Pela fresta

Eu tinha bebido tanta cerveja e estava tão apertado que não lembrei de fechar a porta do banheiro masculino antes de usar o mictório.

Não seria nada demais se eu não percebesse, enquanto ainda esvaziava a bexiga, que era observado por uma moça do cabelo loiro platinado, batom vermelho, blusa preta, short jeans, meia arrastão e salto alto.

Ela esperava o banheiro feminino desocupar fumando um cigarro e me observando pela fresta da porta que eu deixara aberta.

Quando virei o pescoço para a esquerda e vi o rosto da moça, ela sorriu sem mostrar os dentes e sem desviar o olhar do meu rosto envergonhado. Como a bexiga ainda não tinha secado por completo, voltei os olhos ao mictório, como se um mero desvio de olhar tivesse o mesmo efeito que fechar a porta. Não teve.

Apesar de toda essa cena constrangedora ter durado uma fração de segundos, foi o suficiente para eu reconhecê-la como sendo uma artista plástica local que pintava corpos masculinos e femininos em obras que já tinham sido expostas nos museus da cidade.

Depois de lavar as mãos, olhei que ela tinha entrado no banheiro feminino e rapidamente comprei uma carteira de cigarro no balcão do bar. Fazia tempo que eu tinha abandonado esse hábito funesto, que só fez parte da minha vida, na verdade, em um curto período entre o fim da adolescência e início da vida adulta. Mas queria ter um pretexto para falar com a moça que fosse melhor que um pedido de desculpas por ter deixado a porta aberta.

Ela saiu do banheiro com o cigarro ainda aceso e eu pedi que ela me desse fogo. Sorriu como se soubesse do meu estratagema. “Ficou me esperando pra fumar comigo né?” Ela me desarmou quando jogou essa pergunta na lata. Como não sou muito bom de improviso, acabei me apoiando na única resposta que consegui pensar: “foi. Na verdade, eu queria te pedir desculpa por não ter fechado a porta do banheiro.“

“Eu não achei ruim não. Gostei de apreciar o teu quadril se contraindo e o teu embaraço quando percebeu que eu tava olhando.”

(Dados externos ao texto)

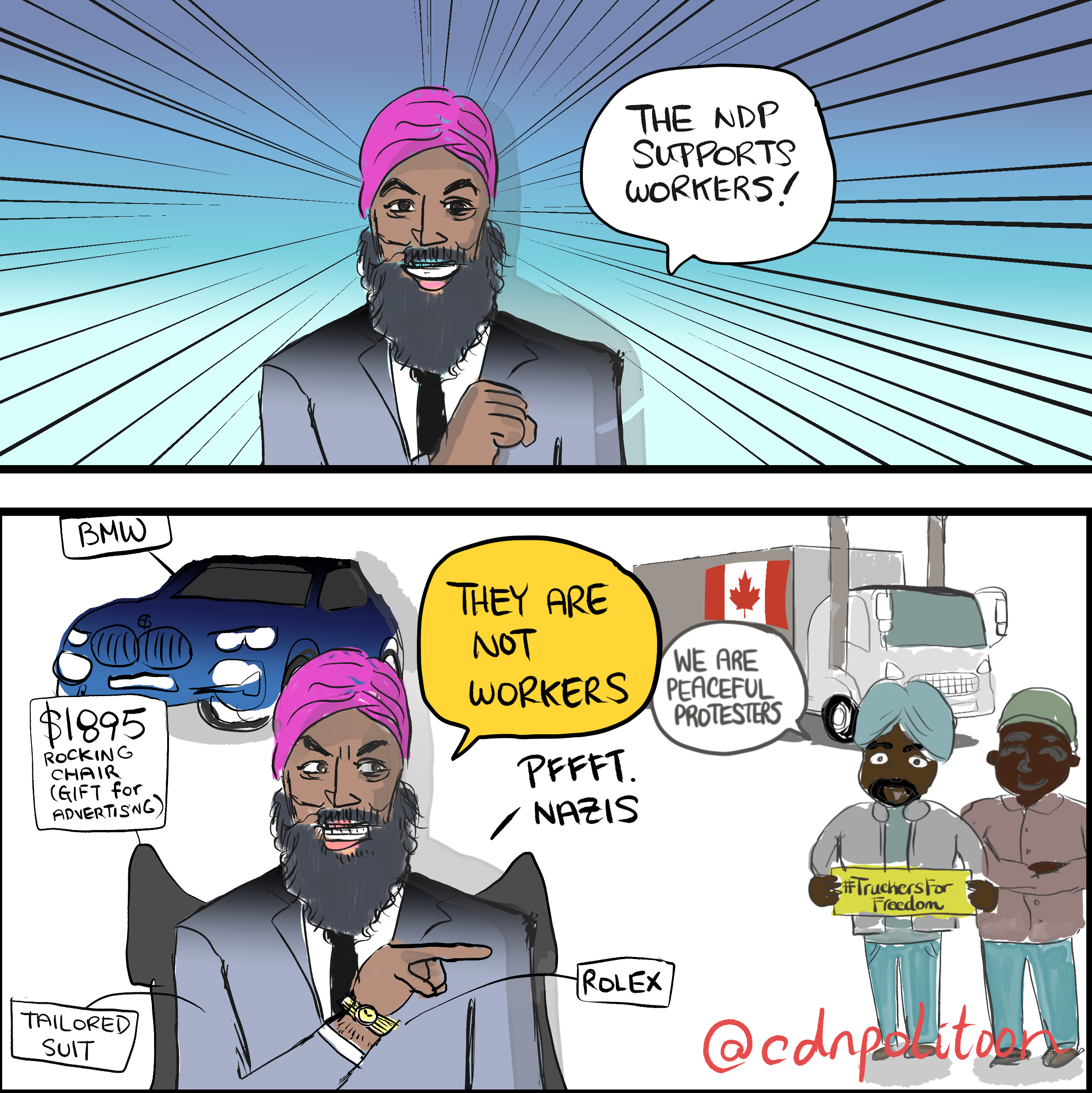 Hypocrite? Jagmeet Singh cultivates sense of luxury that doesn’t comport with party ‘message’https://www.newstbt.com/post/hypocrite-jagmeet-singh-cultivates-sense-of-luxury-that-doesn-t-comport-with-party-message BMW, Rolex, tailored suit from India…he represents the union/workers?...

Não sei se ela fez de propósito e com a consciência de que aquelas palavras teriam esse efeito, mas tive uma ereção imediatamente depois que ela falou aquilo. Eu tentei disfarçar ajustando discretamente a calça jeans e a cueca, mas pelo sorriso de dentes que apareceram na boca dela, tive quase certeza que nada passou despercebido daquela mulher tão observadora.

“Eu acho incrível como as pessoas da arte conseguem ver beleza mesmo nas situações mais inusitadas.” Foi a coisa mais inteligente que consegui pensar em dizer no momento.

“Ah, então tu sabe quem eu sou?”.

“Sei sim. Eu já fui em umas exposições de obras tuas e te sigo no instagram. Mas confesso que tinha uma visão meio que idealizada de ti.”

“Eu sou mais feia pessoalmente, né?”. Ela disse sorrindo.

“Não, não é nada disso!”. “O que eu não esperava é que tu fosse tão... como posso dizer... acessível... Pra um cara comum como eu.”

Dessa vez ela sorriu mais alto.

“Tu é tão fofo. Vem aqui vem.”

E, como se não houvesse qualquer alternativa àquele comando, eu me aproximei dela e ela enlaçou meu pescoço e nos beijamos. Com uma lascívia tão intensa, que eu não sentia desde que comecei a encontrar mulheres por esses aplicativos de encontros.

Ainda bem que só nós dois estávamos ali, naquele momento, porque as nossas mãos se deram tanta liberdade quanto as nossas línguas e não esperamos a cama e os lençóis para começar a conhecer e a usufruir dos nossos corpos.

Ali começou uma história que ainda não decidi se continuo contando ou se a mantenho apenas entre as quatro paredes do quarto em que gozamos juntos e nas inesquecíveis memórias que aquele episódio deixou, pelo menos em mim.